Bugün yüzbinlerce depremzede hala konteyner kentlerde barınıyor. Teslim edilen konutların büyük bölümünde sorunlar, eksiklikler, şikayetler var. Yani bizzat Cumhurbaşkanı'nın ağzından verilen sözün gereği yerine getirilemezken, 2,7 yıl sonra buradan başarı hikayesi çıkarmaya çalışanların acziyetine milletimiz tanık oluyor. Konutları zamanında teslim edemeyenler müteahhitleriyle birlikte bir rant düzeni kurdular. İşçi güvenliğini hiçe sayan uygulamalarda, uygunsuz iskelelerde, denetimsiz şantiyelerde, kamyon manevralarında tam 169 inşaat işçisi yaşamını yitirdi. Depremzedeler teslim edilen konutlarda pek çok sorun yaşıyorlar. Vatandaşlar konutlarını eksiklerle teslim aldıklarını, alt yapı sorunları yaşadıklarını bildiriyorlar.
"Çünkü bu iktidar 'cezasızlık' politikasını devletin refleksi haline getirdi"
Depremzedeler 3 yıla yakın süredir adalet arıyor, adalet bekliyor. Deprem davaları yıllardır sonuçlanmıyor. Ya kayıp yakınlarının adalet arayışına cevap vermeyen biçimde kapatılıyor ya da yargı bürokrasisi içinde oyalama taktiğiyle çıkmaza sürükleniyor. Yüzlerce dava açıldı; ama neredeyse hiçbirinde kamu görevlileri sanık sandalyesine oturtulmadı. Sorumlular korunuyor, suçun kurumsal boyutu gizleniyor. Birkaç müteahhidin cezalandırılmasıyla sistemin aklandığı sanılıyor. Çünkü bu iktidar, 'cezasızlık' politikasını devletin refleksi haline getirdi.

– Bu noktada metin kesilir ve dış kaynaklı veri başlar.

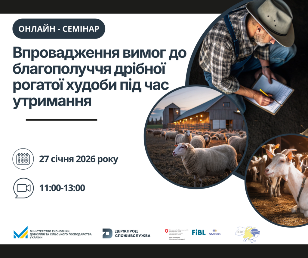 З метою підтримки операторів ринку в умовах дії нових правил проводиться тематичний онлайн-семінар, присвячений практичним аспектам упровадження вимог щодо благополуччя дрібної рогатої худоби.
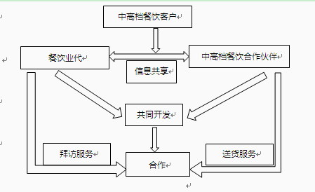 与中高档餐饮合作伙伴合作后,充分利用其下线客户信息资源共同开发、快速拓展客户。新的餐饮客户,餐饮业代将门店信息、关键人信息与中高档餐饮合作伙伴充分共享信息,中高档餐饮合作伙伴利用自身产品品类优势、配送服务优势、客情优势,餐饮业代通过品牌企业品牌优势、资源优势,双管齐下,取得与餐饮客户的合作。如图4-14所示。

"Deprem davalarında adaleti getireceğiz"
Cumhuriyet Halk Partisi olarak deprem bölgesini hiçbir zaman yalnız bırakmadık, bundan sonra da bırakmayacağız. Depremzedelerin tüm sorunlarını tek tek tespit ettik çözüm önerilerimizi hazırladık. Ancak bu iktidar depremzedelerin sorunlarını çözmeyi tercih etmiyor. Çünkü onlar, bu milletin kaynaklarını, rakiplerine siyasi darbe yapmaya, bir avuç zengine aktarmaya, faize ödemeye devam ediyor. Ama biz çözeceğiz. Deprem davalarında adaleti getireceğiz, hiçbir vatandaşımızı açta açıkta bırakmayacağız. Ve bu milletin kaynaklarını, Kanal İstanbul gibi çılgın projelere değil, şehirlerimizi depreme hazırlamak için kullanacağız. Bir kez daha depremlerde hayatını kaybeden vatandaşlarımıza Allah'tan rahmet temenni ediyor, bir daha böyle bir felaket yaşamamayı tüm kalbimle diliyorum."